Summer is Flashing By

This is how Grover rides in the Honda Pioneer, also known as "the buggy".  He loves to ride in it, but insists on standing with hind feet on the seat and front feet on the dashboard, with his ears blowing in the breeze.  Obviously, I was not moving very fast when I took this photo since I can't really drive and shoot at the same time.  Rowdy gets the passenger seat and is more than happy to sit on the seat.  Things get a little crowded when Sam joins us.  Sometimes Grover will hop into the bed then.  Not always.

I dug up our garlic this week.  With the continual rain, the weeds were rampant, so I first used the weed trimmer around the perimeter, cutting down the last of the asparagus as well as weeds.  Oddly enough, I found about 5 new stalks of asparagus, which I brought home and put into pasta salad.  I did not expect to see new asparagus in late July, but it has been cool and rainy.  I will check for more later.  But the garlic did well and I think we will have enough to get us through til next year.  For now it is hanging in the summer kitchen to dry out.  Some bulbs will be set aside for replanting in October.

I also checked in on the bees on Sunday.  The hive is strong, lots of baby bees in various stages and honey being made and stored.  I gave them a 5th box with new foundation to draw into comb.  I had to pull all the wax from most of the frames that were in the hive that died over the winter and get rid of it.  It had dead bees and stuff in it that was just unpleasant, so I put new wax foundation into those frames.  The buckwheat seems to be done flowering for now, but I think it will flower again.  It has definitely gone to seed.  

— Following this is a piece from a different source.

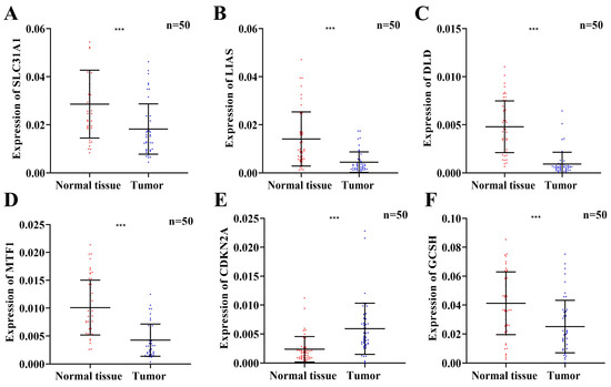 The relative expression levels of SLC31A1 (A), LIAS (B), DLD (C), MTF1 (D), CDKN2A (E), and GCSH (F) in 50 pairs of tissue samples from PTC patients by qRT-PCR. (*** p < 0.001).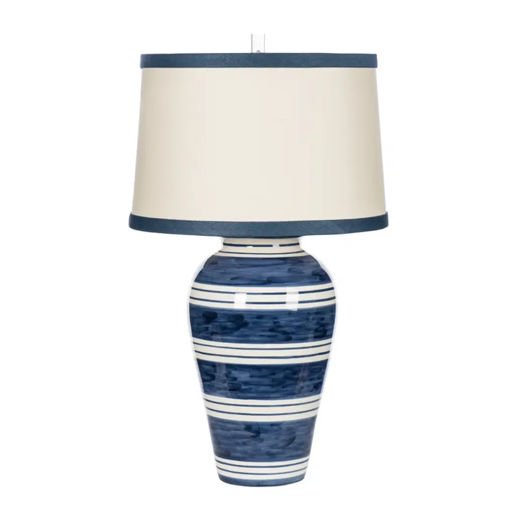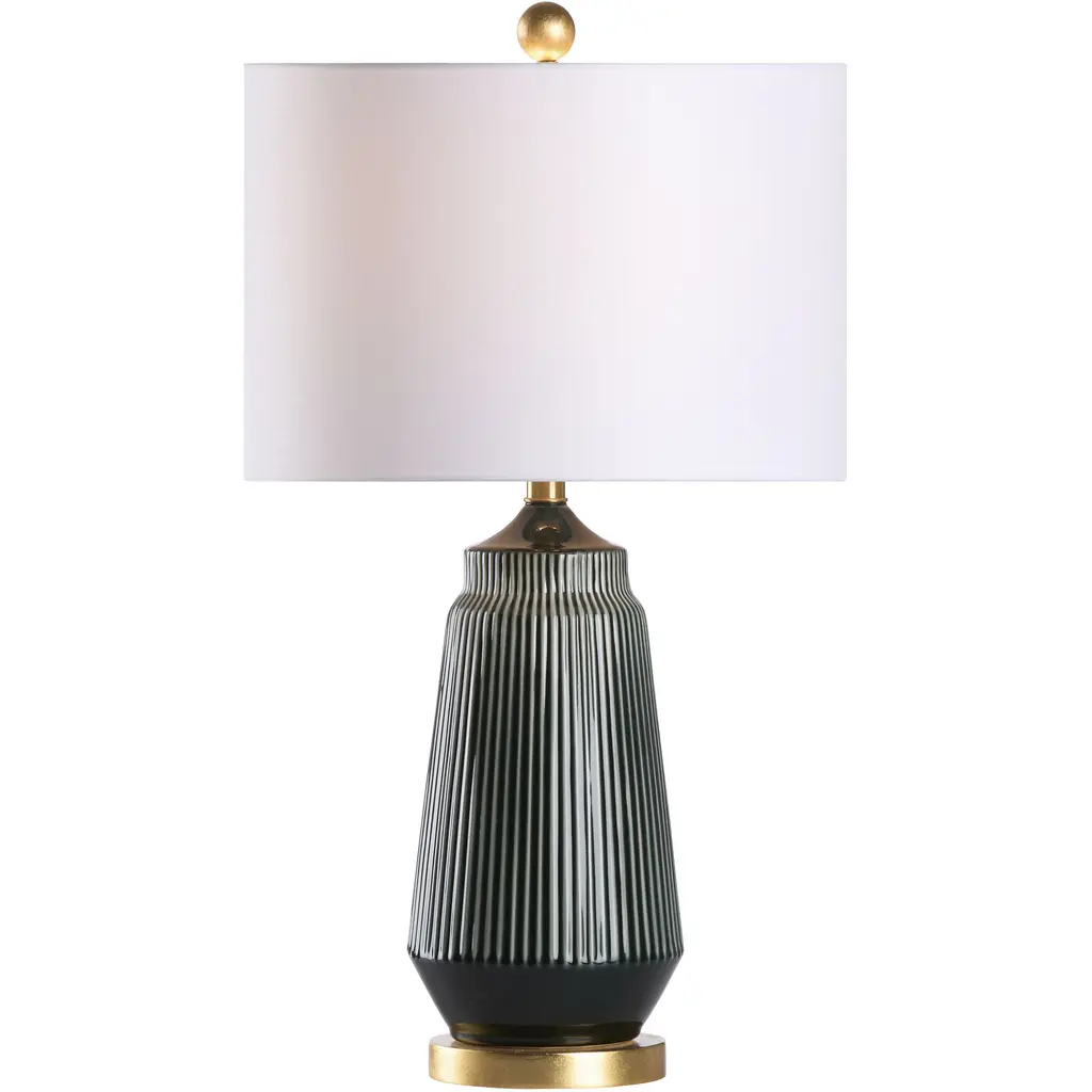 Small Bedside Lamp In Heather Gray Ceramic With Wood Accents.

If you click on the photo to enlarge, you can see the clusters of brown buckwheat grains under the flowers.  I think I would have to gather a lot of these to make a batch of pancakes!  

Another crop on our farm this year was put in by my neighbor's grandson:  corn.

 This is way up in what used to be horse pasture and its purpose is as a food plot to attract deer.  It is field corn, not sweet corn.  I think he has also planted turnips and clover.  He also has several trail cameras up to see what will be attracted.  I like to know where those are so I can avoid them on my walks.  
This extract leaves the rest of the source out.